I turned my back on her and looked straight at the officers. "Officers, she just confessed to the theft and the impersonation. Can you arrest her now?"
"And just to be clear, twelve thousand dollars is felony grand larceny in this state. I want maximum charges pressed. I will not accept any mediation or settlement."
"You wouldn't dare!" Pamela roared, the veins in her neck bulging. Her hands shook violently. "I've already called Brandon! He's on his way! I'm going to make sure he sees exactly what kind of heartless snake he's marrying!"
I remained perfectly still, the adrenaline sharpening my senses.
I looked calmly at the officer. "Grand larceny usually carries a sentence of up to several years in state prison, correct?"
I glanced back at Pamela, my lips curving into a cruel, satisfied smile.
"Oh, that's right," I murmured, tilting my head. "Doesn't your daughter Haley want to go to law school? Or was it the FBI? I'm sure a felony conviction on her mother's background check is going to do wonders for her security clearance. She's ruined."
The mention of her daughter flipped a primal, unhinged switch inside Pamela.
The smugness evaporated, replaced by pure, feral rage. Before the officers or I could react, she lunged.
Her heavy body launched through the doorway like a missile. She slammed into me, her hands tangling violently in my hair, her nails digging into my scalp. She drove my back hard against the hallway wall.
"You whore! Don't you dare talk about my daughter! I'll kill you!" she screamed, spit flying into my face.
Smack. Smack.
Two brutal, open-handed slaps cracked across my face. The metallic taste of blood instantly flooded my mouth.
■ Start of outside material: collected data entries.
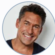
Jamie Durie Host of Jamie Durie's Future House
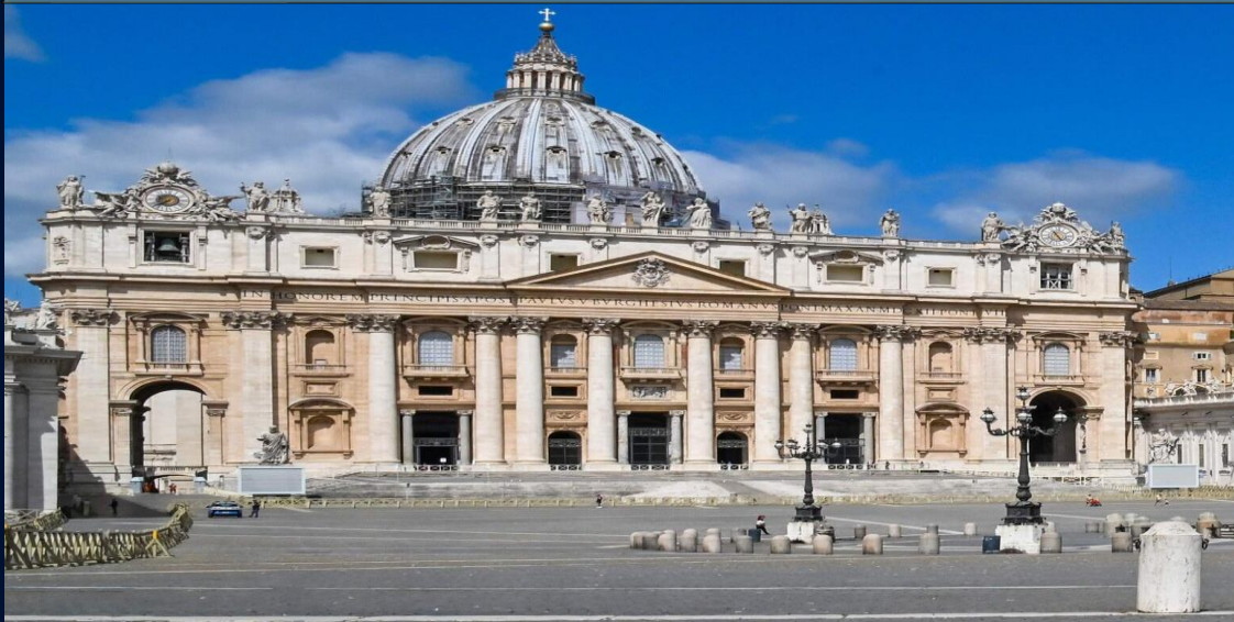
Vatican – Rome Italy – Europe

“The word "Vatican" literally means "Divining Serpent," and is derived from Vatis = Diviner and Can = Serpent. Vatican City and St. Peter's Basilica were built on the ancient pagan site called in Latin “Vaticanus mons” or “Vaticanus collis”, which means “hill or mountain” of prophecy.”
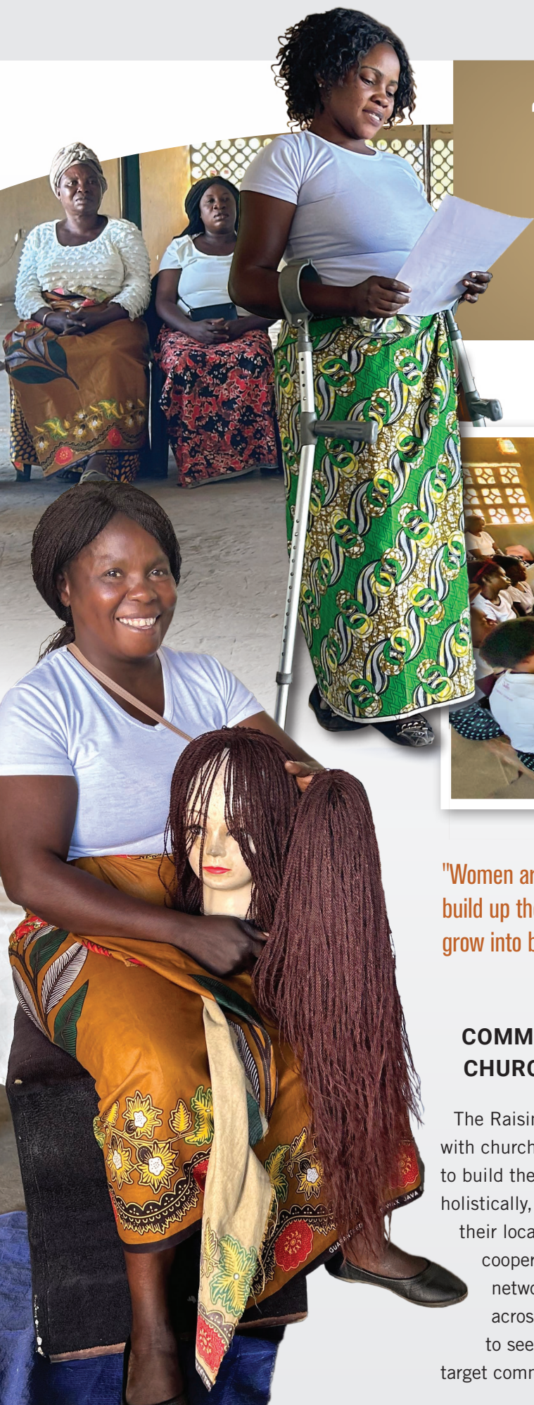
LEFT AND BELOW: A WOMEN'S SAVINGS GROUP MEETING IN PROGRESS
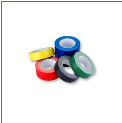
BOOK BINDING TAPE

I fought back, twisting and pushing, but she had a hundred pounds on me. She was a wall of frantic, violent muscle.
The hallway dissolved into chaos. Joanne shrieked. The officers rushed in, grabbing Pamelas shoulders, shouting commands, but in her manic state, she was immovable, pinning me to the drywall.
Black spots danced in my vision. My head throbbed with a sickening rhythm.
Just as my knees began to buckle, the elevator at the end of the hall dinged. The doors slid open, and a frantic, masculine voice tore through the noise.
"What the hell is going on here?! Stop it!"